PROBLEM:
Retrieve each line that contains the word "Baby" from the entries below.
----
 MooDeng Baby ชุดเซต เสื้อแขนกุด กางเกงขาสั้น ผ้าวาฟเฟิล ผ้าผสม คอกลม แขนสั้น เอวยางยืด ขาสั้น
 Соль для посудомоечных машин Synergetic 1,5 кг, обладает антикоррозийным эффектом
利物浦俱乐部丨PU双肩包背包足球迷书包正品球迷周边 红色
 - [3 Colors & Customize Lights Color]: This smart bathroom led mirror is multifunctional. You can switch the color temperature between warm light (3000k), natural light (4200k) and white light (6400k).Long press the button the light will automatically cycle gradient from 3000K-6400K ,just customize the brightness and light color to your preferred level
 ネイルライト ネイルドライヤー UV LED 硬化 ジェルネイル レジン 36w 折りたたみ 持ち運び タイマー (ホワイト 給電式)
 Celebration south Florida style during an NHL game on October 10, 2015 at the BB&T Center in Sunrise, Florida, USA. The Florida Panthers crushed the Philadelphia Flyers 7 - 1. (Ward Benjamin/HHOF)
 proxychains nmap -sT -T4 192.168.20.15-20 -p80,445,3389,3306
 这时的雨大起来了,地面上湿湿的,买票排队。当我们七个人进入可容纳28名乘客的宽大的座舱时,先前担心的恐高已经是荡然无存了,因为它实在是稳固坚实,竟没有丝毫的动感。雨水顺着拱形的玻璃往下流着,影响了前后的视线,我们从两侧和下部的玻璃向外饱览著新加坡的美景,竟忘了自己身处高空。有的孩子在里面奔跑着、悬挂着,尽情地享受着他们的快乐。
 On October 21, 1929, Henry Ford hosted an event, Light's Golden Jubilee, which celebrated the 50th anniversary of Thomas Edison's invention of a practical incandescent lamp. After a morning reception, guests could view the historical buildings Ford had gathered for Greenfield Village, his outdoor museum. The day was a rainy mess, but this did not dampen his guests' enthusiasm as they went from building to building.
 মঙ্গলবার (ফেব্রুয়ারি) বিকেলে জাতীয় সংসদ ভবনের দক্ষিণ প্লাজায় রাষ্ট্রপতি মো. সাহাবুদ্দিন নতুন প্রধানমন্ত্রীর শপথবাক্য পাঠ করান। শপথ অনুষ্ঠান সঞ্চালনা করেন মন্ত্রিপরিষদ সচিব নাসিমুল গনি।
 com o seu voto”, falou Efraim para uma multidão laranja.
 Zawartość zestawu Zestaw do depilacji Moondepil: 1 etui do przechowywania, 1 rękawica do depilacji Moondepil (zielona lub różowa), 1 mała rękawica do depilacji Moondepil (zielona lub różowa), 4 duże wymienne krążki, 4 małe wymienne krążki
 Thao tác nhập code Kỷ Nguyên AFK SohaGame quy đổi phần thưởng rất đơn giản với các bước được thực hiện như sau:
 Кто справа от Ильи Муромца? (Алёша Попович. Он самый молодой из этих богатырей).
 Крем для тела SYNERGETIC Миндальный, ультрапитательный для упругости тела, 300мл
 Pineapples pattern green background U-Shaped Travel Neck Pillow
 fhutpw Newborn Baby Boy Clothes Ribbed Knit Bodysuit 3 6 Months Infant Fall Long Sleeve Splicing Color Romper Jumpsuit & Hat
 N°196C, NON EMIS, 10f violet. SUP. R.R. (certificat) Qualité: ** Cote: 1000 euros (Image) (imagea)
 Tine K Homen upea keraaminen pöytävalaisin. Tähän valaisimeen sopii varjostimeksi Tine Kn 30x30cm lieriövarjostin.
----
WORKED SOLUTION:
 MooDeng Baby ชุดเซต เสื้อแขนกุด กางเกงขาสั้น ผ้าวาฟเฟิล ผ้าผสม คอกลม แขนสั้น เอวยางยืด ขาสั้น
 fhutpw Newborn Baby Boy Clothes Ribbed Knit Bodysuit 3 6 Months Infant Fall Long Sleeve Splicing Color Romper Jumpsuit & Hat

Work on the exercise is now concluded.